Pelo que li no site do STJ, deduzi que:

a) houve uma ação de cobrança dos autores em desfavor da CEF/FGTS que provavelmente não resultou no provimento do pedido dos expurgos (não sei quais, pois teria que consultar, no TRF4, o processo original);

b) após o trânsito em julgado daquela ação, e em face das decisões de 2000 (STF e STJ), com a edição da Súmula 252/STJ, houve uma ação rescisória, ajuizada pelos autores, defendendo a concessão dos dois expurgos, dada a superveniência de nova jurisprudência reconhecendo aqueles dois expurgos (que, suponho, teriam sido negados na ação original), tendo o TRF4, então, oncedido os dois expurgos (jan/89 e abr/90), a partir das decisões do STF e do STJ;

c) a CEF recorreu alegando que havia coisa julgada, e, em nome da segurança jurídica, o TRF4 decidira equivocadamente, não cabendo rever algo transitado em julgado;

d) esse REsp recebeu provimento, com base na Súmula 343 do STF. Os EREsp (embargos de divergência) foram negados com base na Súmula 168 / STJ. E o Agravo Regimental também foi denegado.

Bom, a questão, se é que foi mesmo essa, não é nova, e eu já me referia a ela em artigo de 2001 ou 2002, quando comentei que a CEF iria postular em juízo, via Ação Rescisória, a devolução de expurgos concedidos além daqueles dois (houve inúmeras decisões transitadas em julgado, entre 1995 e 2000, concedendo até o Plano Bresser).

Na sessão de julgamento de um REsp que levou à publicação da Súmula 252, um dos ministros restou vencido e disse que iria continuar concedendo mais que os dois expurgos, pois entendia correto cnceder mais dois ou três (o que duvido que haja feito).

E antevi que tais Ações Rescisória não iriam prosperar, como de fato não prosperaram, pois as decisõies judiciais cumpridas ou executadas "a maior" (diante da nova jurisprudência) haviam sido "conforme a jurisprudência de então".

Conheci, até hoje, apenas um caso em que a parte, teimosa ou ardilosamente, permaneceu apelando, embargando e agravando, e tendo a sorte de de ver seu processo não correr, tanto que, ao vir ao mundo aquele novo entendimento jurisprudencial, não havia ainda matéria transitada em julgado, podendo ser aplicada a nova jurisprudência.

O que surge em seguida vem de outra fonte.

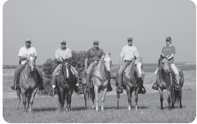
Judd Ranch Crew Getting Ready for the Roundup

B HP Balancer Bull Big-Time 5# Gainer Scalebusting 1,427# YW Carcass Premium 6.1 IMF CRM Second-Calf Dam/3 Incredible DOD Honored Grandams

Este caso trazido pela Dra. Katia é às avessas, a AR ajuizada pelos autores.

E o STJ aplicou o mesmo remédio, Súmula 343 do STF:

"NÃO CABE ação rescisória por ofensa a literal dispositivo, QUANDO A DECISÃO RESCINDENDA SE TIVER BASEADO EM TEXTO LEGAL DE INTERPRETAÇÃO CONTROVERTIDA NOS TRIBUNAIS.

Ou seja, se na época da controvérsia transitou em julgado decisão NEGANDO tudo ou CONCEDENDO tudo, nada mais se pode fazer. É coisa julgada, que a CF veda rever.

Eis o que coletei do site do STJ, faltando o AgRg dos autores, que também foi negado (transitou em julgado há quase 3 anos, em maio de 2005)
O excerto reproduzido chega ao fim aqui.